[Dataset items]
· · · · · · ·

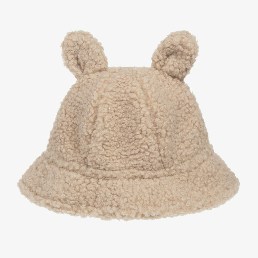 A lovely beige bucket hat for girls by Catya, made in soft sherpa fleece. Stylish and cosy, it is designed with little 3D ears on the top for a fun touch.
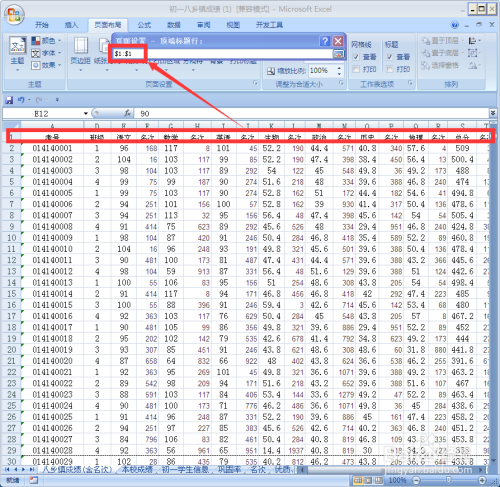 在本来工作表中选中第一行,也就是光标选中你需要每页都打印的表头部门
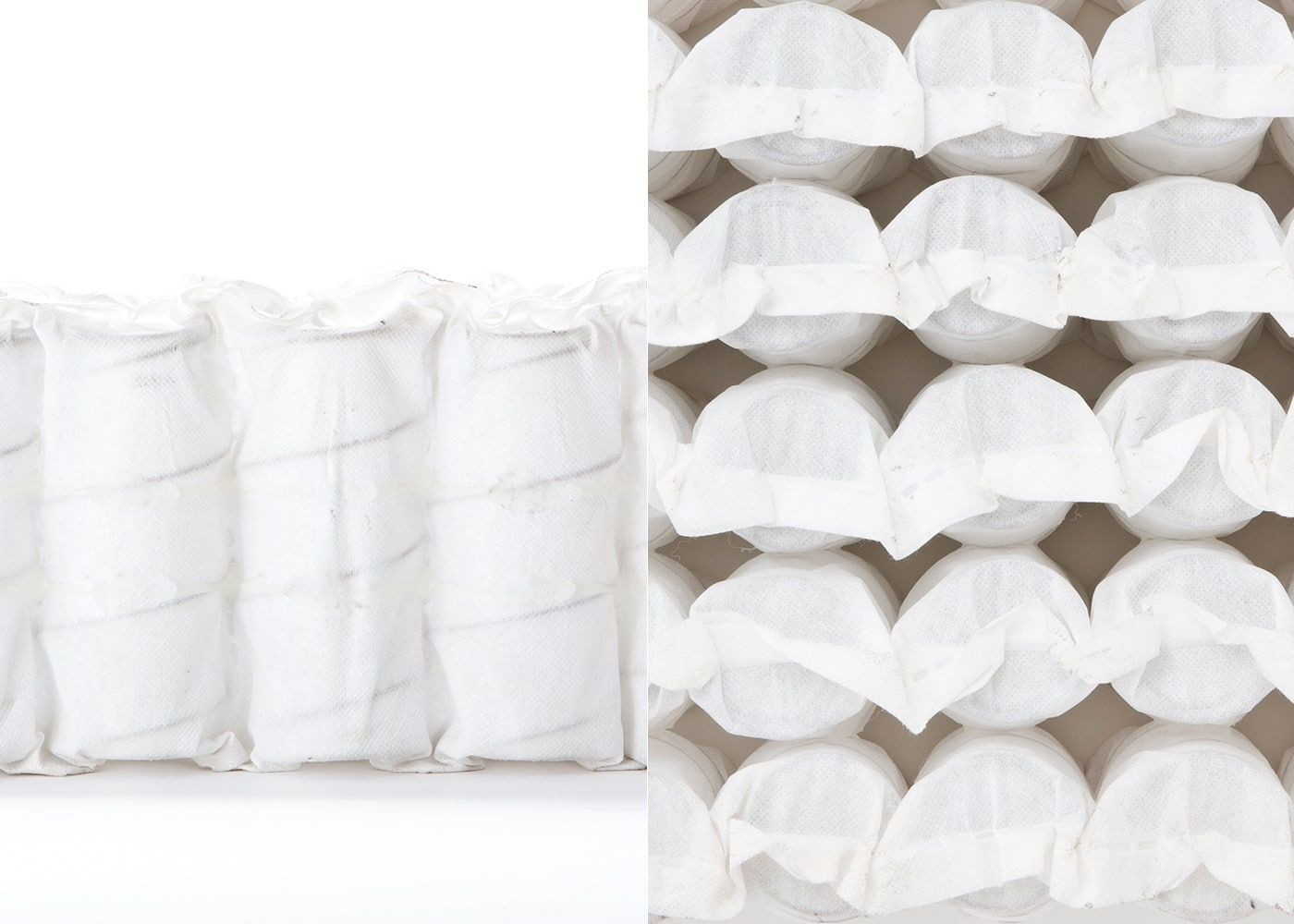 写真左:コイルを圧縮し、通気性のある不織布のポケット(袋)に1つ1つ包んであります。コイルの高さは約140mm。写真右:独立したコイルを敷き詰めた構造です。コイルの直径は約50mm。(※マットレスの内部構造や生地はポケットコイル・マットレスと同様になります)
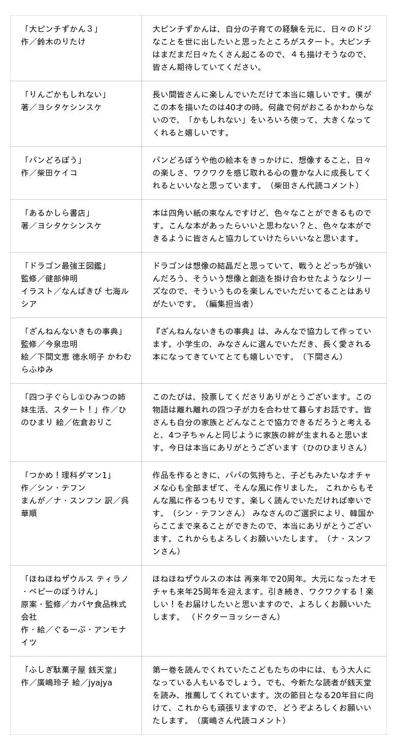 投票総数 62,546 票!こどもたちが選んだベスト 10 が決定!『第5回 小学生がえらぶ!“こどもの本”総選挙』 ベスト 10
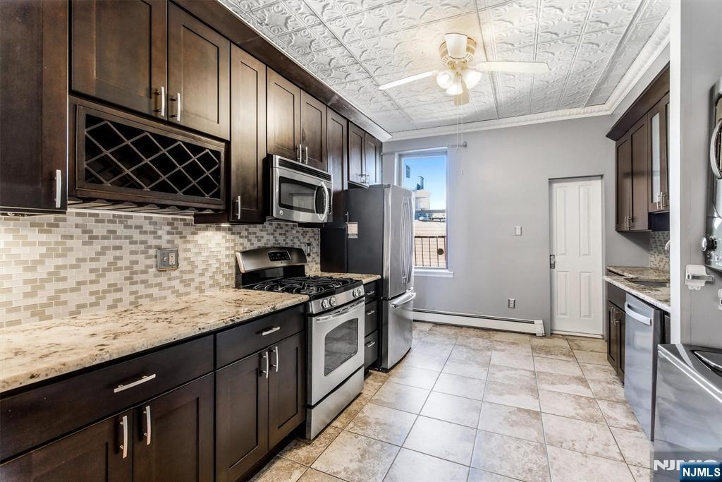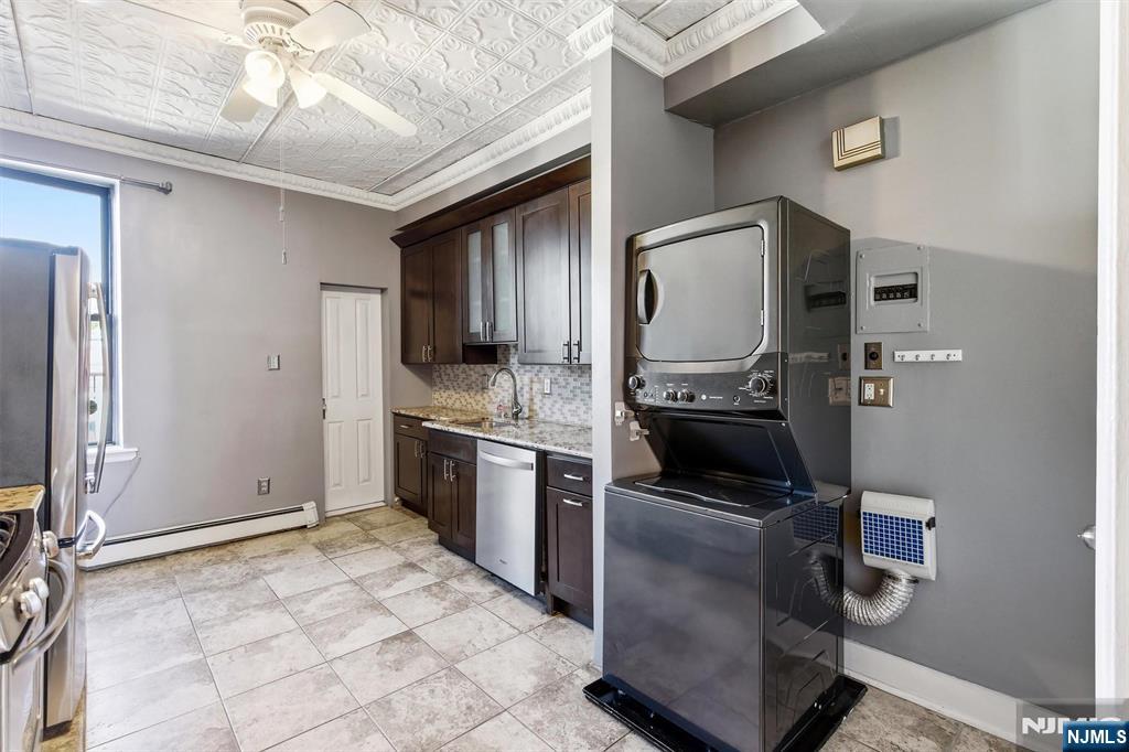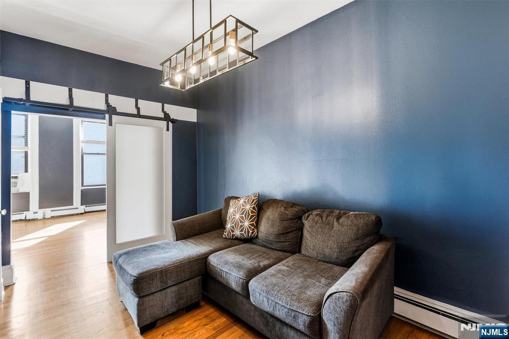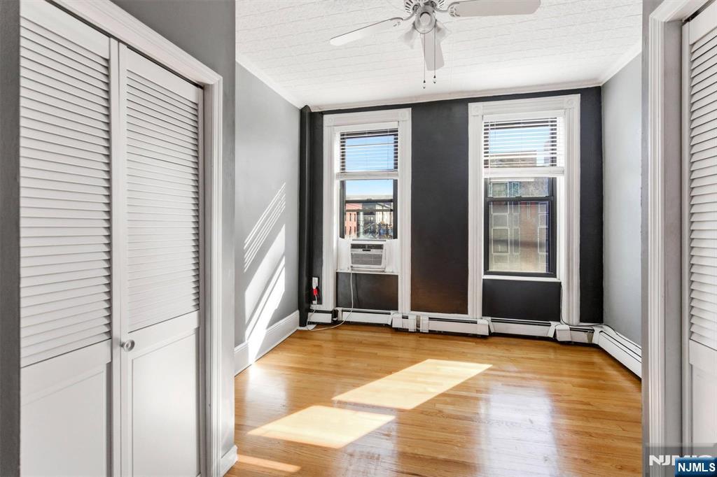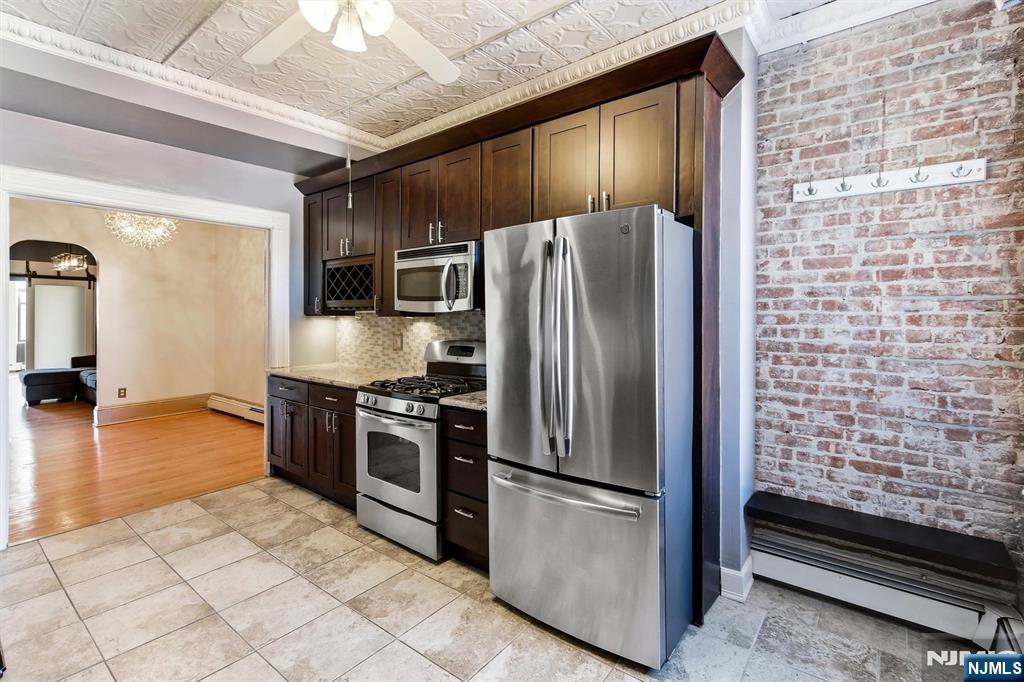 Step into timeless elegance with this beautifully renovated historic brownstone, perfectly situated in the heart of Hoboken. Centrally located and just moments from major transportation hubs, this residence combines classic charm with modern convenience. Inside, you'll find soaring ceilings, exposed brick accents, and original hardwood floors that highlight the home's character. The spacious kitchen features custom cabinetry offering abundant storage, granite countertops, room for a breakfast bar, and stainless steel appliances including a gas range, microwave, French door refrigerator, and dishwasher. The bathroom has been tastefully updated with custom subway tile, glass tile accents, and elegant molding details. Additional features include baseboard heating controlled by Nest, an in-unit washer and dryer, and three generously sized closets. Blending "old-world craftsmanship with contemporary design, this home showcases antique crown molding, tin ceilings, and modern barn doors and lighting fixtures. The HOA fee conveniently includes water, waste management, and common area maintenance. A rare Hoboken gem schedule your private viewing today!

· · · · · · ·

Hand back exactly the lines from the one with "在本来工作表中选中第一行,也就是光标选中你需要每页都打印的表头部门" through the last line of the data above, both ends included, with every picture left out.

 在本来工作表中选中第一行,也就是光标选中你需要每页都打印的表头部门
 写真左:コイルを圧縮し、通気性のある不織布のポケット(袋)に1つ1つ包んであります。コイルの高さは約140mm。写真右:独立したコイルを敷き詰めた構造です。コイルの直径は約50mm。(※マットレスの内部構造や生地はポケットコイル・マットレスと同様になります)
 投票総数 62,546 票!こどもたちが選んだベスト 10 が決定!『第5回 小学生がえらぶ!“こどもの本”総選挙』 ベスト 10
 Step into timeless elegance with this beautifully renovated historic brownstone, perfectly situated in the heart of Hoboken. Centrally located and just moments from major transportation hubs, this residence combines classic charm with modern convenience. Inside, you'll find soaring ceilings, exposed brick accents, and original hardwood floors that highlight the home's character. The spacious kitchen features custom cabinetry offering abundant storage, granite countertops, room for a breakfast bar, and stainless steel appliances including a gas range, microwave, French door refrigerator, and dishwasher. The bathroom has been tastefully updated with custom subway tile, glass tile accents, and elegant molding details. Additional features include baseboard heating controlled by Nest, an in-unit washer and dryer, and three generously sized closets. Blending "old-world craftsmanship with contemporary design, this home showcases antique crown molding, tin ceilings, and modern barn doors and lighting fixtures. The HOA fee conveniently includes water, waste management, and common area maintenance. A rare Hoboken gem schedule your private viewing today!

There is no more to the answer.